Environment Light Importance Sampling

The majority of the time spent when raytracing is generally intersecting rays with the scene and the objects in the scene. The two main ways to reduce the time taken to raytrace scenes are to either reduce the cost of each ray intersection (by using acceleration structures), or to send less rays.

Sending less rays obviously has a direct impact on the speed of rendering the scene, but care has to be taken to make sure image quality doesn't suffer as a result: normally more samples per-pixel are used in order to reduce the noise (or variance) in an image. There are a variety of techniques that can be used to maximise the effectiveness of the rays sent out into the scene from adaptive super-sampling (sending out more rays per-pixel when the samples within the pixel are dissimilar) to efficient sampling (by ensuring that there's a good distribution of samples across all sampling dimensions) through to importance sampling.

Importance Sampling is a technique whereby samples are selected so that a variable that has the most effect on the variance of the overall end result has the most distribution.
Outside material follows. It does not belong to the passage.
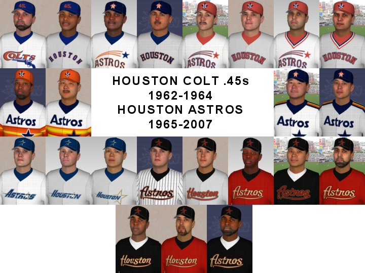 Some jerseys, like the Astros rainbow jerseys, need more than the primary, secondary, and striping colors. In those cases, you can manually create your compiled jersey image, load it into the game, and you'll have your jersey. The work I'm posting here is all from compiled jersey images. Once all 30 teams are finished, I'll post the zip file and you'll be able to use any of these jerseys without worrying about whether or not you have the right jersey template. Hats have a default template and no option to choose a different template from within the game. To do either of these, you need to manually create the compile cap image yourself and then add the striping or change the colors of the panels. Changing panel colors is pretty easy, but striping is a bit more challenging because of the way the compiled image wraps on the player's head. You can use straight lines on the front cap panel, but the side panels get a lot of curve to them. The stripes on the Pirates caps in this thread actually have very warped side panel stripes in order to get them to show up straight in the player photo.

An excellent example of this is with environment lighting - if we use the following environment map for lighting a scene:

there are only two very small areas of illumination coming from the map. Without using importance sampling - by randomly sampling locations from the map - there is a low probability that any of the samples will actually correspond to the two coloured dots on the texture map. This means that either the image will be too dark (and won't evaluate the two coloured dots correctly), or there will be very high variance where a few samples that sample the light pick up one of the coloured spots, but most don't. This will result in extreme noise, as can be seen in this render without importance sampling:

With importance sampling, it is possible to build up a two-dimensional map of importance based on the corresponding luminance of the environment map, which allows any light sample for the environment map to map to an actual position on the texture map where there is colour - i.e. one of the two coloured spots. The weighting of the function has to be modified as well, in order to not bias the equation (by assuming that the entire image is yellow and blue with no black) which would give unrealistic results.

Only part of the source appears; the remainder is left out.